Transformation of equalized values is done by a power law of hearing (i.e.) raising the power by 0.33. It is represented in (49)
4 IFFT is performed on L (\(\omega\)).
5 The Levinson-Durbin procedure computes the LP coefficient.
6 LP coefficients are converted into PLP, MFPLP and ERBPLP Cepstral coefficients.
2.6 Implementation of Template Creation Module
For a speech recognition system, templates are created to act as a representative model pertinent to speeches to be recognized. VQ-based or fuzzy-based clustering technique forms the low dimensional cluster set from the high dimensional training set among the many modelling techniques. They include M cluster centroids for contemplating the speech model from the training data of high dimension. This process is done by computing the Euclidean distance between the training set and initial cluster centroids. These cluster centroids are updated for iterations, and finally, the cluster set formed in pertinent speech represents the training set of feature vectors. For testing, Euclidean distance is computed between test vectors and cluster set, and cluster centroid, which produces minimum distance, is restored. All the test speech features and minimum distances are calculated and stored as a model value. This process is implemented for all models. Finally, a model is selected for the test speech to compare the minimum of model values. MHMM modelling technique facilitates the expectation–maximization procedure to generate templates containing maximum likelihood parameters. The testing procedure for MHMM enables the application of test features to the models, and log-likelihood values are computed. The model associated with the test speech has the most considerable log-likelihood value.
3 Experimental Evaluation – Results and Discussion
The dysarthric speech recognition system is evaluated based on perceptual features and various modelling techniques. Different speech enhancement techniques applied to distorted dysarthric speeches would enable the system to enhance performance. This speech recognition system encompasses training and testing phases. During training, speeches are concatenated, and conventional pre-processing techniques are applied to the speech data. After the pre-processing, extraction of perceptual features is performed, followed by using features for creating templates. Test speeches undergo pre-processing during testing, and perceptual features are extracted. These features are applied to all speech templates, and based on the classifier used; speech is identified to be associated with pertinent speech templates. Recognition accuracy/word error rate is used as a performance metric for evaluating the system.
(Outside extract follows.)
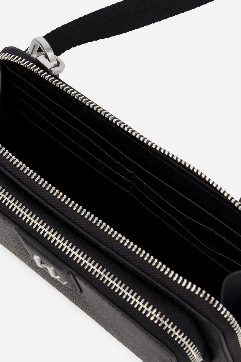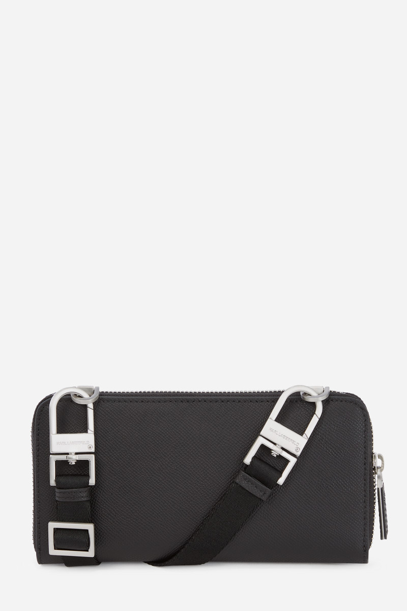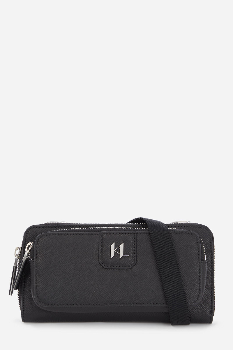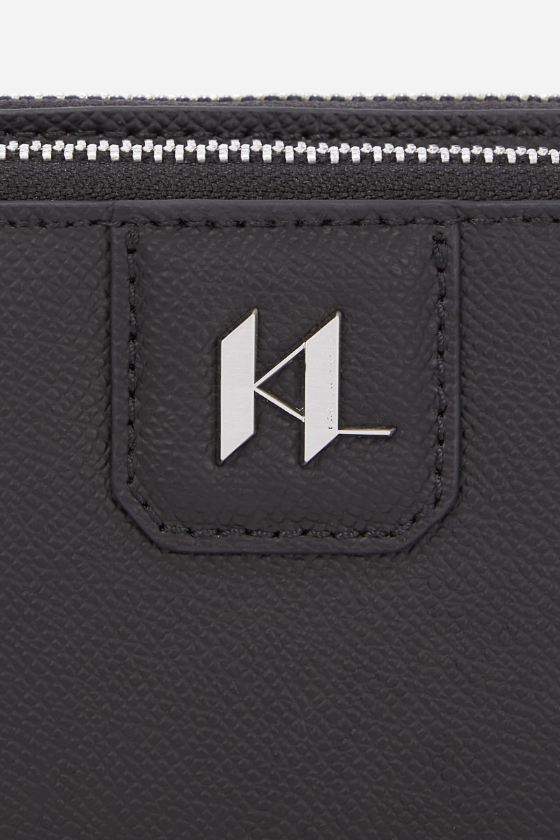 Praktikus bőr pénztárca. A fém cipzárral és lecsatolható keresztpánttal ellátott, elegáns kialakítású darabot a Karl Lagerfeld logó fém monogramja egészíti ki az elülső oldalon. Praktikus kialakítású, cipzárral záródó elülső zsebbel. A fő rekesz kártyarekeszekkel van ellátva. Felületi anyaga prémium minőségű, strukturált marhabőrből készült, amelyet kivételes szilárdság és tartósság jellemez, ugyanakkor azonban nem veszít luxus hatást keltő megjelenéséből.

Finally, speech enhancement techniques are applied to raw training and test speeches, and the system's performance is assessed. The implementation uses the decision-level fusion of speech enhancement techniques, features, and modelling techniques to classify the pertinent dysarthric speech. Features extracted from test segments are applied to the models, and the model index based on the classifier used is derived. This process is repeated for all test segments. Finally, a decision-level fusion of correct indices about the modelling techniques is done to augment the system's performance. The decision-level fusion classifier is depicted in Fig. 20.
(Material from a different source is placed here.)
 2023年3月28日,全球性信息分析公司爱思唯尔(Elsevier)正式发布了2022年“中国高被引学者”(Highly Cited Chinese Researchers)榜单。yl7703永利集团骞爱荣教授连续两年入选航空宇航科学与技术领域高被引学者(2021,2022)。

This decision-level fusion classifier classifies the pertinent speech based on the correct classification of features, modelling techniques, and speech enhancement techniques. Table 1 indicates the system's performance with a decision-level fusion of elements and models by taking speeches with and without speech enhancement techniques. The overall accuracy for ten digits in Fig. 21 shows the system's evaluation for recognizing dysarthric speeches against speech enhancement techniques with a decision-level fusion of results on features and models. Individual accuracy for some isolated digits is 100%, with overall accuracy for the decision-level fusion of influences of the features, models, and speech enhancement techniques at 80.2%.
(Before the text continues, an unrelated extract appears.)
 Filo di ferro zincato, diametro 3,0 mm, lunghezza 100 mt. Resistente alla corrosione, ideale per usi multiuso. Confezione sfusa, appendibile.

Individual accuracy for some isolated digits is low because the testing is done with utterances of a dysarthric speaker with only 6% speech intelligibility. Training the models with many feature vectors can enhance the system's accuracy. The system has not provided good accuracy because it is tested for the female speaker with only 6% speech intelligibility. Decision-level fusion of results of features and models has provided a better overall accuracy of 43%, with an application of phase spectrum compensation as a speech enhancement technique. It is 12% more than the system without using a speech enhancement mechanism. So, the system's accuracy depends on features, models, speech enhancement techniques, and the test set of spoken utterances. However, the system is trained for speech utterances at all intelligibility levels. Therefore, obtaining better accuracy for speakers with very low intelligibility is difficult.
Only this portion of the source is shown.